Figure 2c - This panel is too small and it not represent the morphology of cells. Please replace this figure with more clear and magnified image. 

Figure 5. The relative intensity calculation method for RUNX2 is wrong. The level of b-actin are not similar. Specifically, B-actin band size of HC-100 after 10 days treatment very small compared to the Day 7 control band. therefore I can not accept this evaluation method as authors are fail to use equal amount of proteins for each tested group. Thus I recommend to replace this figure with bands taken from different trial. 

Figure 6- Same issue observed with the B-actin band. 

Author Response

The article entitled "Impact of hydrolyzed collagen from defatted sea bass skin on proliferation and differentiation of preosteoblast MC3T3-E1 cells" is interesting and matching to the scope of the journal. However, there are serious issues to address.

********Thank you for invaluable comment and suggestion. All queries have been responded and the corrections have been made following the reviewer’s comments.

It is very difficult to read fonts shows in the figures (axis bars and significant symbols). I recommend to increase quality of figures.
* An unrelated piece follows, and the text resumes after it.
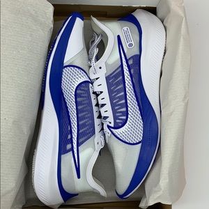 New in a box authentic LIGHTWEIGHT AND BUILT FOR SPEED. Designed to make fast go faster, the Nike Zoom Gravity is built to take you from quick tempo runs to winning races. Snappy forefoot propulsion and grippy, multi-surface traction combine to maximize your stride. Responsive Zoom Air unit in the forefoot gives you that propulsive, snappy feeling. The lifted height along the midsole makes room for more cushioning inside. Dual-density foam with a soft core in a firm carrier. . Springy outsole

********Sorry for this. The resolution of all figures has been improved for readability. Please see in the revised figures. Thank you.
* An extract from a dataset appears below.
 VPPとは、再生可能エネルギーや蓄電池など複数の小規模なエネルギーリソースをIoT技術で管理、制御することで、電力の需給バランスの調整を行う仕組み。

Replace figure 2B with bar chart.

********Figure 2B has been changed to bar chart as suggested by the reviewer. Thank you.

Figure 2c - This panel is too small and it not represent the morphology of cells. Please replace this figure with more clear and magnified image. 

*******We increase the magnification of image as suggested by the reviewer. Please see in Figure 2C Also, scale bar and magnification of image have been included in figure caption (highlighted in green).

 Thank you for the comment.

Figure 5. The relative intensity calculation method for RUNX2 is wrong. The level of β-actin are not similar. Specifically, β-actin band size of HC-100 after 10 days treatment very small compared to the Day 7 control band. Therefore, I can not accept this evaluation method as authors are fail to use equal amount of proteins for each tested group. Thus, I recommend to replace this figure with bands taken from different trial. 

********Based on alkaline phosphatase activity and cell mineralization results (Figure 3 and Figure 4), the differentiation of cells was obviously found during the first 14 days of culture period. Thus, this period was selected for RUNX2 expression. In our experiment, we monitored the effect of hydrolyzed collagen on differentiation of cells every 7 day for 21 days. Thus, cell without HC treatment (control) cultured using the differentiation medium at day 7 was used for comparing the intensity of protein with the treated samples. We do agree with the reviewer that β-actin (housekeeping gene) is usually used as a loading control for western blot to normalize the levels of protein. Thus, band intensity of protein in all treatments tested should be equal. Before loading protein into gel, we measured the amount of protein using Bradford assay and conducted the trial in triplicate (n = 3). We have to apologize for the mistake in choosing the image. We have changed the image representing actin bands following the reviewer’s suggestion.  Please see Figure 5. Thank you for invaluable comment.

Figure 6- Same issue observed with the β-actin band. 

********β-actin band of all the samples has been replaced with the new images. Please see Figure 6. Thank you for comment.

Author Response File: Author Response.docx

Round 2

Reviewer 3 Report

The authors revised this manuscript as expected.